Exercise prompt: Exact copy, no pictures: repeat the data that follows.

Supplied data:

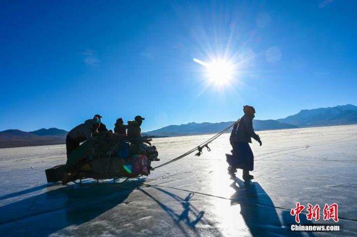 這個(gè)邊境小村3日迎來(lái)了一年一度的“趕羊”盛事。村民們將1400余只羊由岸邊通過(guò)厚實(shí)的冰面趕往湖心島牧場(chǎng)。普姆雍措被稱(chēng)為“仙女之淚”,位于西藏山南市浪卡子縣,每到冬季極寒時(shí),便是羊群轉(zhuǎn)牧場(chǎng)的好時(shí)機(jī)。
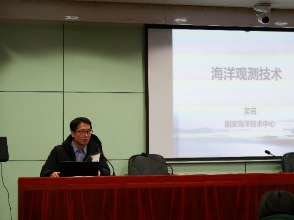 結合中心業務職能,中心業務處處長姜民以“海洋觀測技術”為主題的技術講座從海洋防災減災、海洋生態保護等方面向同學們詳細生動的闡釋了海洋觀測的意義,并帶領同學們參觀了中心展室,對中心在海洋觀測技術領域的主要成果進行了重點講解。
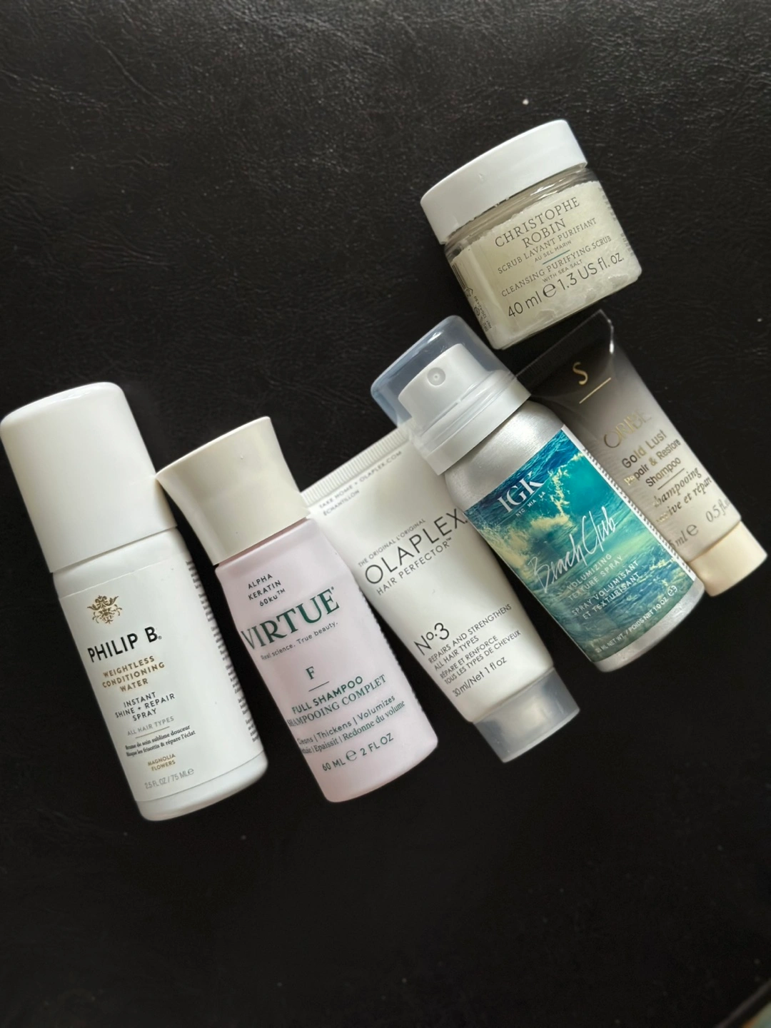 ✨collection of various travel size haircare products! Includes brands like Virtue, Olaplex, Philip B, Christophe Robin, IGK, and Oribe. Perfect for trying out different products or travel-sized goodies

Response:
 這個(gè)邊境小村3日迎來(lái)了一年一度的“趕羊”盛事。村民們將1400余只羊由岸邊通過(guò)厚實(shí)的冰面趕往湖心島牧場(chǎng)。普姆雍措被稱(chēng)為“仙女之淚”,位于西藏山南市浪卡子縣,每到冬季極寒時(shí),便是羊群轉(zhuǎn)牧場(chǎng)的好時(shí)機(jī)。
 結合中心業務職能,中心業務處處長姜民以“海洋觀測技術”為主題的技術講座從海洋防災減災、海洋生態保護等方面向同學們詳細生動的闡釋了海洋觀測的意義,并帶領同學們參觀了中心展室,對中心在海洋觀測技術領域的主要成果進行了重點講解。
 ✨collection of various travel size haircare products! Includes brands like Virtue, Olaplex, Philip B, Christophe Robin, IGK, and Oribe. Perfect for trying out different products or travel-sized goodies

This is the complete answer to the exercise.